Ричард Блэкмор - Ричард Додридж Блэкмор - Лорна Дун
Визит его причинил нам кучу неудобств, и он ясно это видел, но уезжать от нас явно не торопился. Пользуясь положением почетного гостя, он основательно расположился в нашем доме, и каждое утро, выводя из конюшни Долли, пони нашей Анни, он навьючивал позади седла мешок со снедью, навешивал перед собой два тяжелых кавалерийских пистолета и отправлялся неведомо куда. При этом он надевал на себя самую поношенную одежду, словно бы ожидал, что его ограбят, и никогда не брал с собой ни своих золотых часов, ни кошелька с деньгами.
Девушки живо приметили за ним эти странности и все рассказали мне (а иначе откуда бы мне обо всем этом было узнать, если я и сам порой не бывал дома с восхода до заката?), и попросили меня проследить за передвижениями дядюшки. Я наотрез отказался от этого поручения, во-первых, потому, что ради этого нужно было потерять целый день (а день в такую пору, как говорят, круглый год кормит), но, главным образом, потому, что подслушивать и подглядывать было (и есть) глубоко противно моей натуре.

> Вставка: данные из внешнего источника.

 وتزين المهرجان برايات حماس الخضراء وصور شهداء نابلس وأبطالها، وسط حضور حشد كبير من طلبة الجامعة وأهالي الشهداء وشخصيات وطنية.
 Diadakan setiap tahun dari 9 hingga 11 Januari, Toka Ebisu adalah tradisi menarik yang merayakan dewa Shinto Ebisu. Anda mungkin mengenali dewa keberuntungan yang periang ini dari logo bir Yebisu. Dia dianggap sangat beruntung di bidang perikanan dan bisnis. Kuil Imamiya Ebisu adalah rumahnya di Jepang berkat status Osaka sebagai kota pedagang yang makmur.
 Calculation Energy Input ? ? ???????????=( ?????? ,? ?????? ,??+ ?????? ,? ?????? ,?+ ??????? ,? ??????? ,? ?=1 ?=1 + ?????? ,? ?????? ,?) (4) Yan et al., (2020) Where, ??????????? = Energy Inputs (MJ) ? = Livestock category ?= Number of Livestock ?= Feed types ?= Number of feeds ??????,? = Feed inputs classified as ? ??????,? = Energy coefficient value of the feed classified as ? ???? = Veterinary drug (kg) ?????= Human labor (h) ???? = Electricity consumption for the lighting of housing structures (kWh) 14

Девушки, зная мой характер, не стали меня уговаривать, но зато однажды утром я обнаружил, что Джон Фрай не вышел на работу, а жнецы сказали, что он куда- то исчез еще до завтрака.
Вечером того же дня я вернулся домой уставший и голодный и не обнаружил на месте ни одной из молодых леди. Анни должна была в это время готовить для меня ужин, Лиззи обычно сидела у огня и читала, а маленькая Рут сидела рядом и выглядывала из окошка. Никого, как ветром сдуло! Я отправился к ним в комнату, будучи, как вы понимаете, не в лучшем расположении духа. Распахнув двери, я увидел к вящему своему гневу и удивлению, что вся троица тесно сомкнулась вокруг — кого бы вы думали? — ну конечно же, вокруг Джона Фрая, а этот прохвост, вцепившись в здоровенный жбан пива, потягивает из него и с жаром повествует о каком-то своем подвиге, нисколько не сомневаясь в том, что именно он и есть герой минувшего дня, причем никто из прекрасных слушательниц, судя по их восторженному виду, не оспаривает притязаний этого болтуна и бездельника.

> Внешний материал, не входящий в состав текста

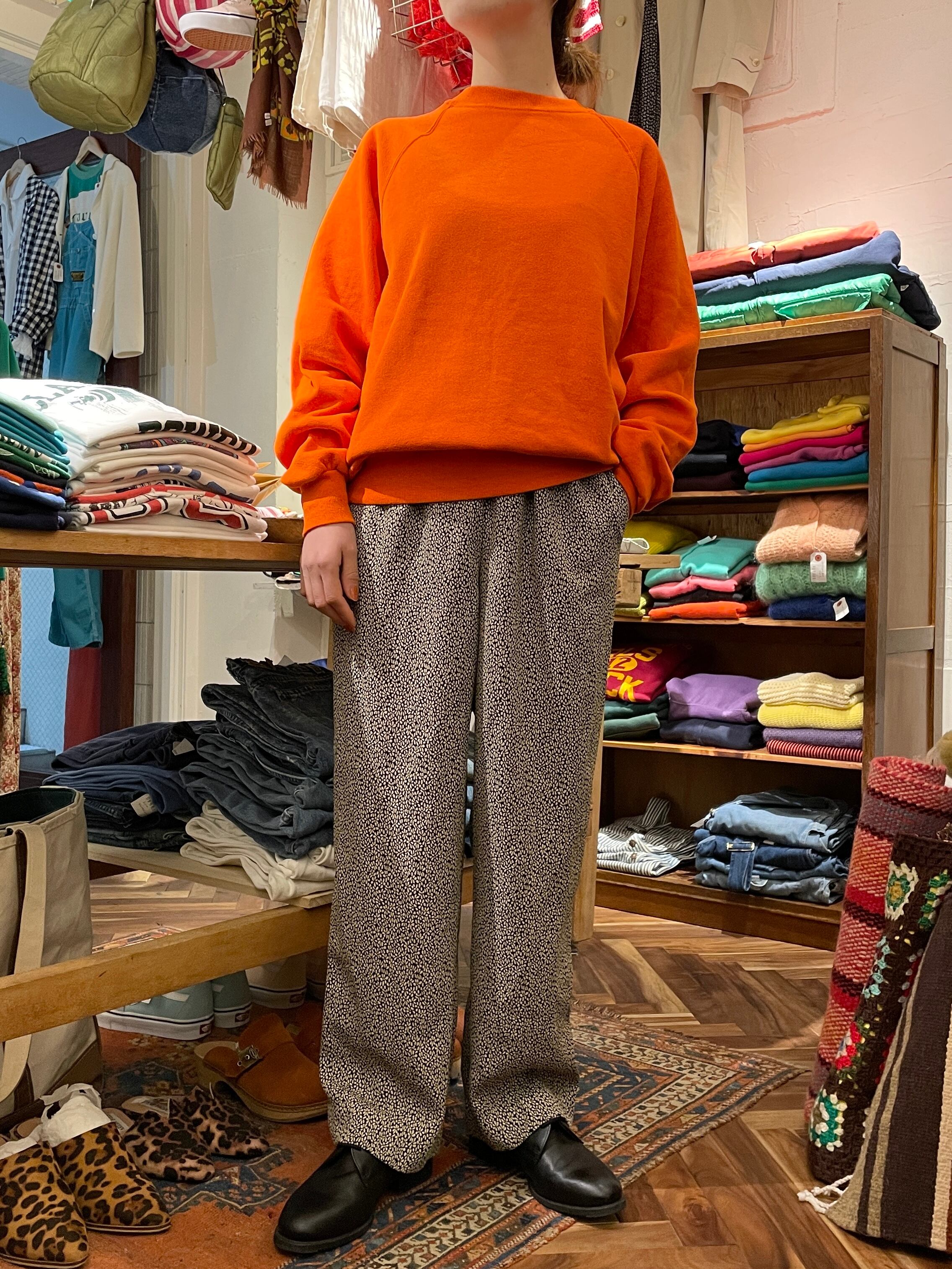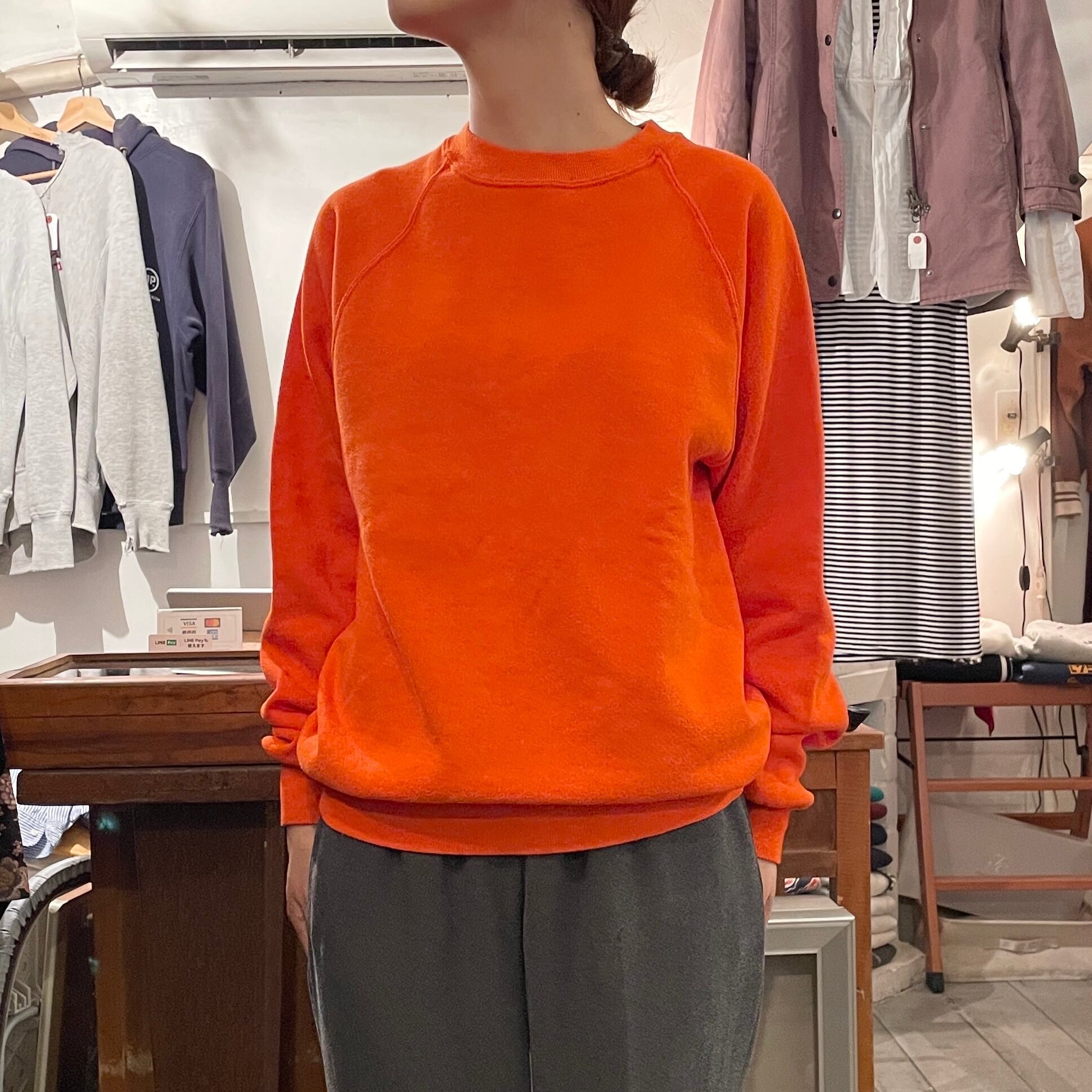 オレンジカラーのスウェット。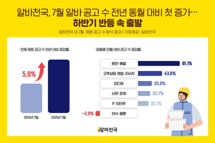29일 알바천국에 따르면 이 회사 플랫폼에 등록된 7월 알바 채용 공고 수는 전년 동월 대비 5.9% 증가했다. 전월 대비로는 11.8% 증가했다.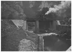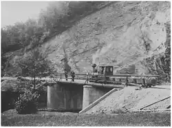 Vytěžený vápenec z lomu Hostim II se přepravoval tzv. drážkou (úzkokolejnou tratí) přes dvojici mostů na dno lomu Hostim I (dochované historické fotografie lomu Hostim I resp. Na Kozle zachycují pohledy na most s drážkou a lokomotivou) a odtud pak putoval lanovkou před Berounku. V roce 1944 byla vybudována úzkorozchodná železniční trať spojující lom Hostim I s Berounem.[7] Zbytky trati jsou v terénu ještě patrny podél cesty do Berouna.[3][p. 4]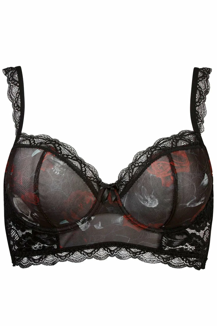 Beautiful black bra from Killstar that is made from a soft stretch lace and printed mesh fabric for a fit that is both seductive and powerful! This stunning bralet features hook and eye closure, adjustable straps, underwired cups and looks amazing on! Oh la la!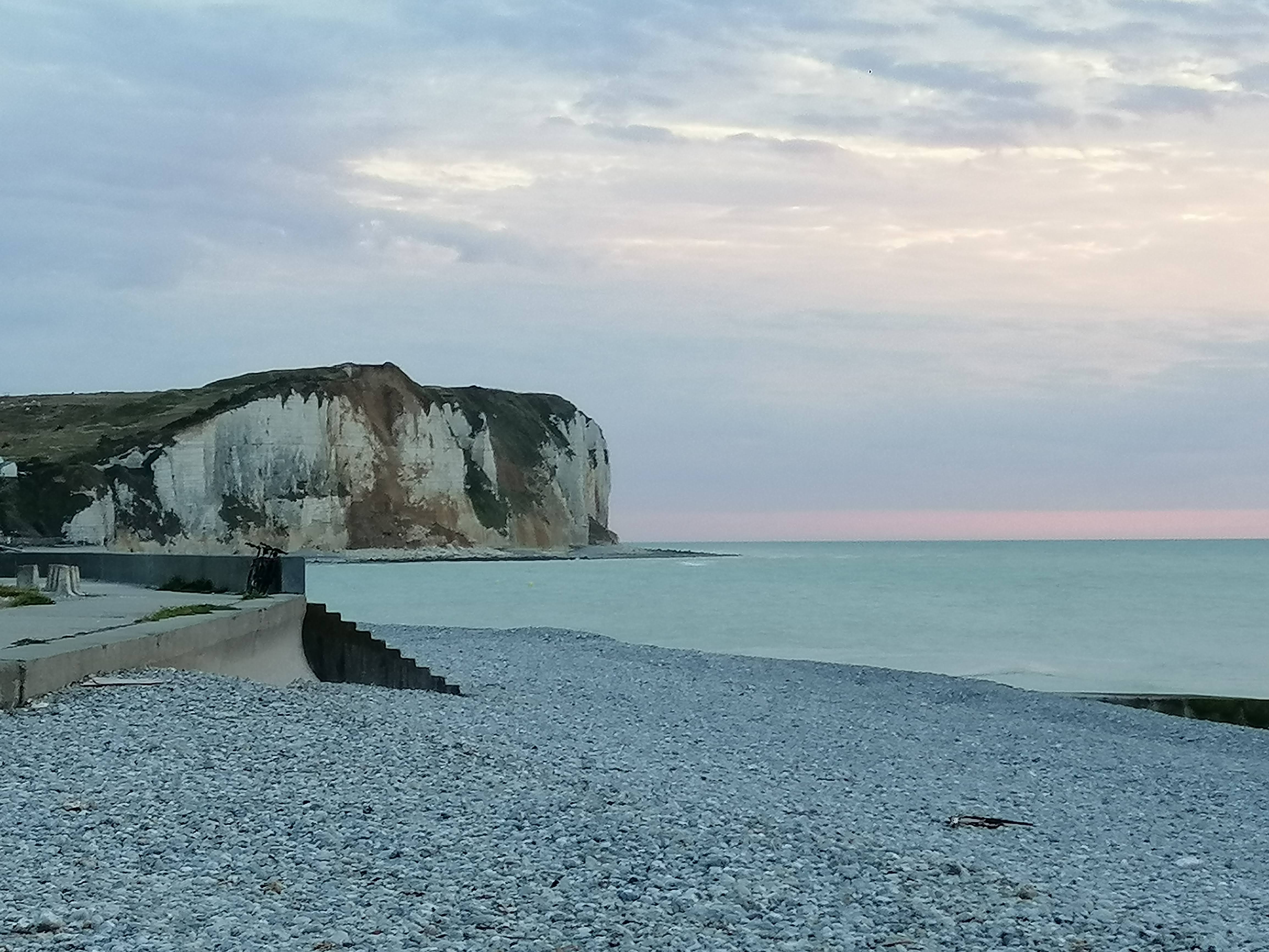 Veulette est une station balnéaire très agréable. Nous avons pu profiter de petits concerts guitare chant, notamment à la friterie au bout de la plage. La plage est sympa mais c'est une plage de galets et la marée ne descend pas fortement. La qualité de l'eau est toutefois excellente. Nous avons pu faire des petites balades le soir et profiter d'un très beau couché de soleil sur fond des falaises qui composent cette belle plage. Je conseille

— Молодец, Джон! — громко сказала Анни.— Ну просто молодец! Ладно, не тяни, рассказывай, что было дальше.
— Что вся эта ерунда значит? — рявкнул я так, что все четверо вздрогнули.— Джон Фрай, либо я немедленно отправлю тебя к твоей женушке, либо ты объяснишь, какая чума занесла тебя в эту комнату!
Джон Фрай втянул голову в плечи и беспокойно взглянул в сторону молодых леди, ища у них поддержки.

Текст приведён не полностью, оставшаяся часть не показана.